Коэн тихо крался за Петрой, и она, по всей видимости, его не замечала. Как он будет отбрехиваться, если она его увидит, он пока не думал. Сешень всегда говорит, в самой нелепой ситуации, сначала будь вежлив, потом, как пойдёт. Убиваешь кого-то, скажи ему: «Будь добр, сдохни, пожалуйста».

Коэн представил, как галантно раскланяется с Петрой: «Какая приятная встреча!», Или «Я готовился поразить тебя в самое сердце»? Ага. И не забыть бы добавить: «Только давай в тепло зайдём, а то не то может выйти поражение-то…». Бачек в очередной раз прошептал крепкое ругательство и затаился, наблюдая за серой тенью впереди. Он просто тихонько за ней проследит, и убережёт, если что.

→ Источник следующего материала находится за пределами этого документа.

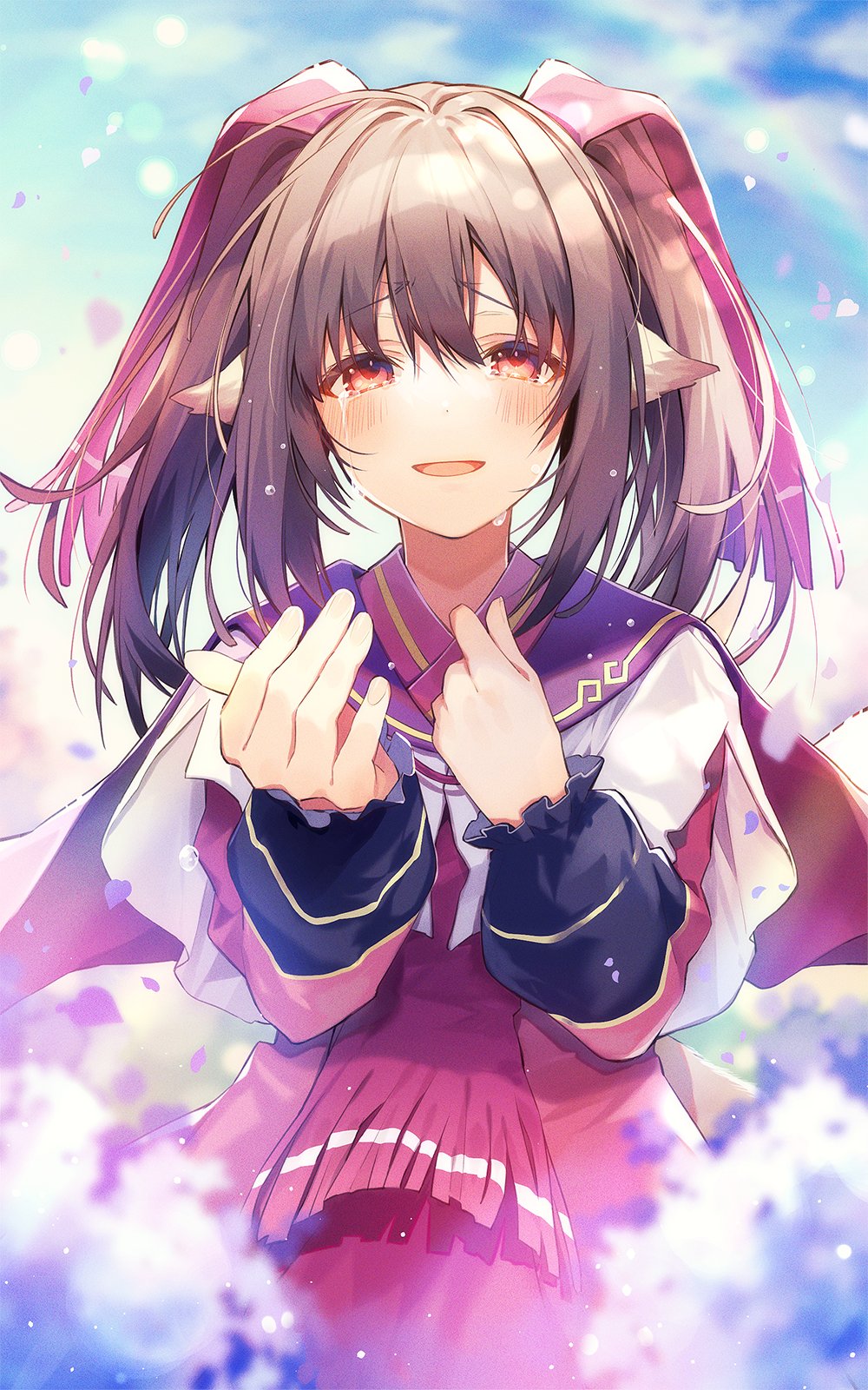 1girl ainu_clothes animal_ears aquaplus arms_up breasts brown_hair crying crying_with_eyes_open dress fingernails gradient_eyes gradient_hair hair_ribbon highres long_hair long_sleeves looking_at_viewer multicolored_eyes multicolored_hair nekone_(utawarerumono) official_art open_mouth oshioshio raised_eyebrows red_eyes ribbon sidelocks small_breasts solo tail teardrop tears twintails upper_body utawarerumono utawarerumono:_itsuwari_no_kamen utawarerumono:_lost_flag

Почему боевой заслонный контур лёг точно поверх старого полигона, разделив его надвое, Бачек не знал. Но видно Сешеню надо так было. Да и рельеф тут для контура был подходящий — у нижнего излома горы.

Новый полигон сделали ближе к замку, хоть похожего на старое места найти не смогли. Он получился меньше, но и добираться к нему было удобней.

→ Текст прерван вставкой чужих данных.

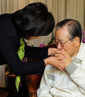| ▲ 나 후보 손등에 입맞추고 있는 김종필 전 총리. ⓒ뉴시스 |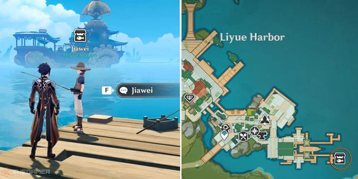 Hội Câu Cá Liyue nằm ở cuối bến tàu ở phía Đông Nam của Cảng Liyue. Nó được dẫn đầu bởi Jiawei, người có thể được tìm thấy bằng cách sử dụng điểm tham chiếu ở phía Nam của thành phố, đi xuống Adventurer's Guild và Blacksmith rồi đi thẳng tới. Cuối cùng, đi xuống bến tàu bên tay phải dưới cổng vòm lớn.

Странно всё, размышлял младший Бачек, осторожно ступая босыми ногами по каменистой тропе, то и дело останавливаясь стряхнуть острые каменные крошки. И записка, которую он неожиданно получил от отца с неделю назад, тоже была странной. В ней чёрным по белому было написано, за контур не выходить и замок без острой необходимости не покидать. Отец был скуп на общение с наследником. И если уж сам написал, значит, стряслось что-то важное. Или угрожает ему опять кто…

Технически Коэн сейчас предписание не нарушал.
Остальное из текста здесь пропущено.